An attribute's definition can't be changed (yet)
Once you've defined an attribute in your Datomic as a particular type, indexed or not, unique, etc. you can't change that later. We're talking ALTER TABLE ALTER COLUMN
in SQL parlance here. For now, you could create a replacement attribute with the right definition and move your existing data.
This may sound terrible, but it's not. Because transactions are serialized, you can submit one that creates the new attribute, copies your data to it, resolves conflicts and removes the old attribute. It will run without interference from other transactions and can take advantage of domain-specific logic in your native language to do it's thing. It's essentially what an RDBMS is doing behind the scenes when you issue an ALTER TABLE
, but you name the rules.
Don't be "a kid in a candy store"
Flexible schema doesn't mean no data model. I'd advise some upfront planning to model things in a sane way, same as you would for any other data store. Leverage Datomic's flexibility down the road when you have to, not just because you can.

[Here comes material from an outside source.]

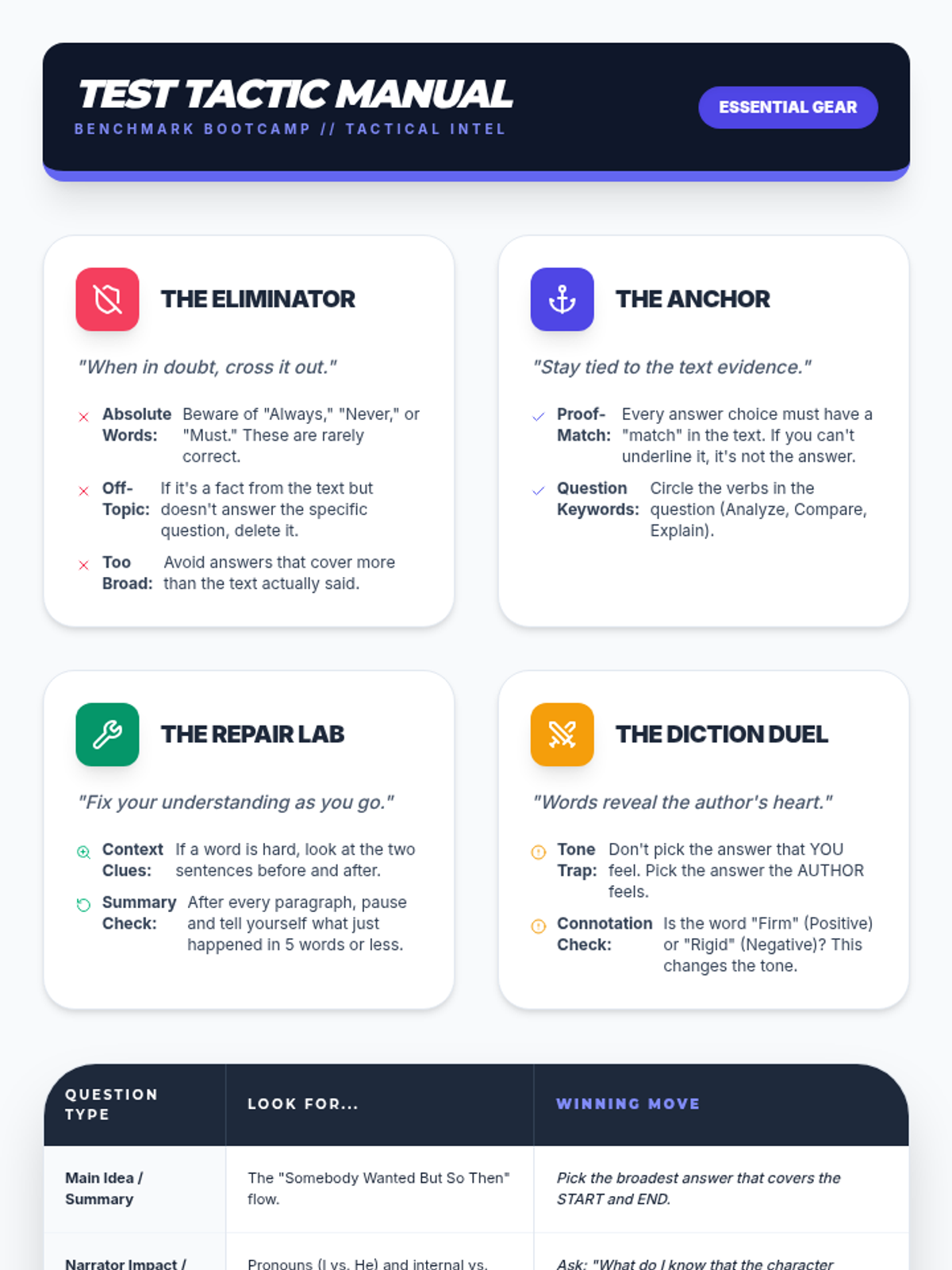 Intensive test preparation materials designed to mimic the format and rigor of STAR 360 and OSAS assessments, focusing on strategic elimination and evidence retrieval.

Avoid storing large, constantly changing data
Datomic isn't a good data store for BLOBs or very large data that's constantly changing. Because it keeps a historical record of previous values and there isn't a method to purge older versions (yet). This kind of thing is almost always a better fit for an object store like S3. Update: There is a way to disable history on a per-attribute basis. Update: There is now also a way to excise data; however, storing references to external objects rather than the objects themselves may still stil be the best approach to handling BLOBs. Compare this strategy with using byte arrays.